Despertó arropada en finas mantas, con el cuerpo dolorido y la incómoda sensación de no saber dónde se encontraba. Abrió los ojos como platos y se enderezó a toda prisa sin caer en la cuenta de lo que había ocurrido. Miró en todas direcciones, comprobando la amplitud y opulencia de la habitación. Distinguió entre los objetos de oro, las cortinas de seda y tapiz aterciopelado de las paredes; un espejo de pie que reflejaba su imagen. Entonces bosquejó una sonrisa triunfante, llevó su mano hasta su cuello acariciándose la nuca, levantó el cabello y se ladeó observando su reflejo. Una vez más sonrió mordisqueándose los labios con deleite.

Aún no sabía dónde se hallaba, pero estaba a salvo. «Fuiste demasiado arriesgada, Agneth. De todas formas hay que admitir que la suerte no te abandona», pensó al tiempo que volvía a palparse el cuerpo cerciorándose de estar completa y sana. Estaba vestida con una camisola de lino fino, perfumada y limpia. Todo el lugar olía a humano, no tenía dudas de que había logrado su cometido sin problemas.

Se oyeron pasos acercarse y la puerta se abrió de improviso, se dejó caer sobre el colchón y entrecerró los ojos con la intención de espiar al recién llegado antes de mostrarse despierta y comenzar con su juego.

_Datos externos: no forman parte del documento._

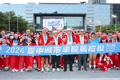 「2024第六屆台中城市半程馬拉松」今(8)日在台中市政府前廣場盛大登場,來自全國各地逾2萬名跑者參加,副市長鄭照新換上聖誕裝代表市長盧秀燕到場響應,不僅親自領跑為跑友打氣,亦感謝主辦單位台中市不動產開發商業同業公會理事長林正雄與帶領的團隊,以企業力量響應環保、結合運動回饋社會,打造屬於城市品牌的馬拉松賽事,提升台中路跑風氣。
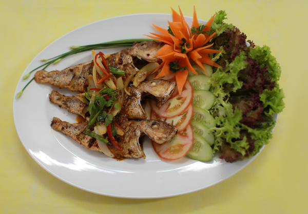 Deep fried coated Calamari rings served with tartar dressing garnished lemon wedges.

No estaba nerviosa, mas al ver la silueta de quien había ingresado al cuarto, su pulso se disparó a causa de la enrome impresión y tuvo que abrir los ojos para dar crédito a lo que veía. «!Lidias!, ¿Pero qué..», pronto se percató de su confusión y volvió a serenarse con un sonoro suspiro de alivio, sonido que no pasó inadvertido para la chica que ingresaba con una jarra de agua fresca y un vaso sobre una bandeja.

—¡Dama Lidias, si ha despertado! —anunció con una voz dulce y de color muy diferente al de la reina. Se reafirmaba el alivio de Agneth, mirándola acostada y con cierta estupefacción—. ¿Se siente usted bien?

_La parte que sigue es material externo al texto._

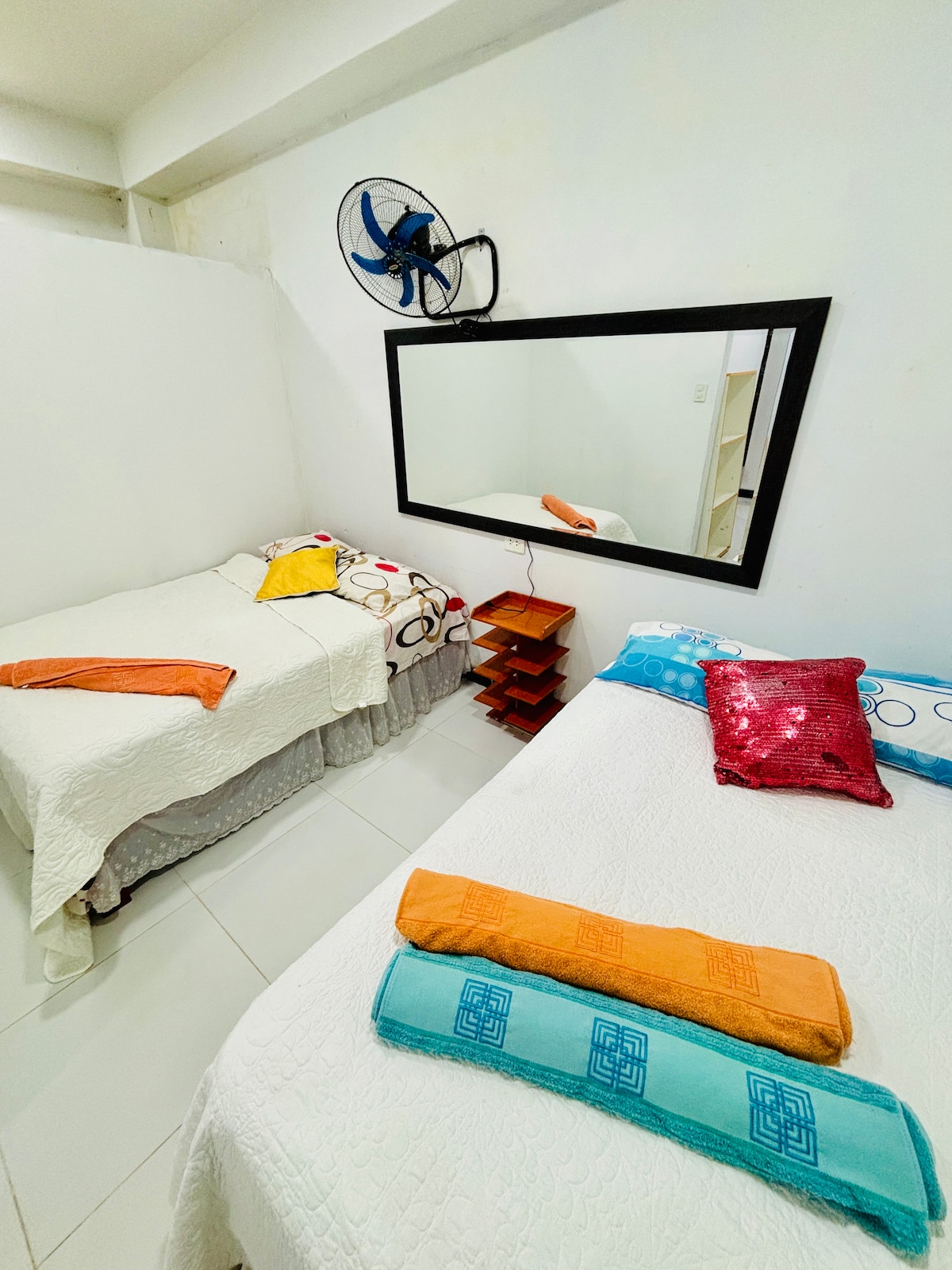 1. Приватне помешкання з прямим доступом, на другому поверсі, кондиціонер, швидкісний Wi-Fi та вид на вулицю. Розташована в 12 кварталах від площі Пласа-де-Армас. 2 спальні: двоспальна з ліжком Quee, плюс 1,5 матраца на підлозі та ще одна двоспальна з 2 ліжками на 1,5 ліжка. 1 повна ванна кімната, 3 стельові вентилятори, кухня, вітальня, їдальня з 2 смарт-телевізорами, приватна пральня. Напольний матрац для п’ятого гостя. 2. СПІЛЬНА ТЕРАСА з пральною машиною, вугільним грилем, їдальнею, ванною кімнатою.

Escudriñó con la mirada a la recién llegada, en busca de un atisbo que pudiera darle alguna idea de quien era aquella muchacha. Por supuesto no iba a responderle sin antes tantear el terreno en que pisaba, cualquier error podría costarle muy caro. Aquel parecido tan singular de aquella joven con Lidias, le había dejado tan perpleja que no supo de buenas a primeras cómo reaccionar.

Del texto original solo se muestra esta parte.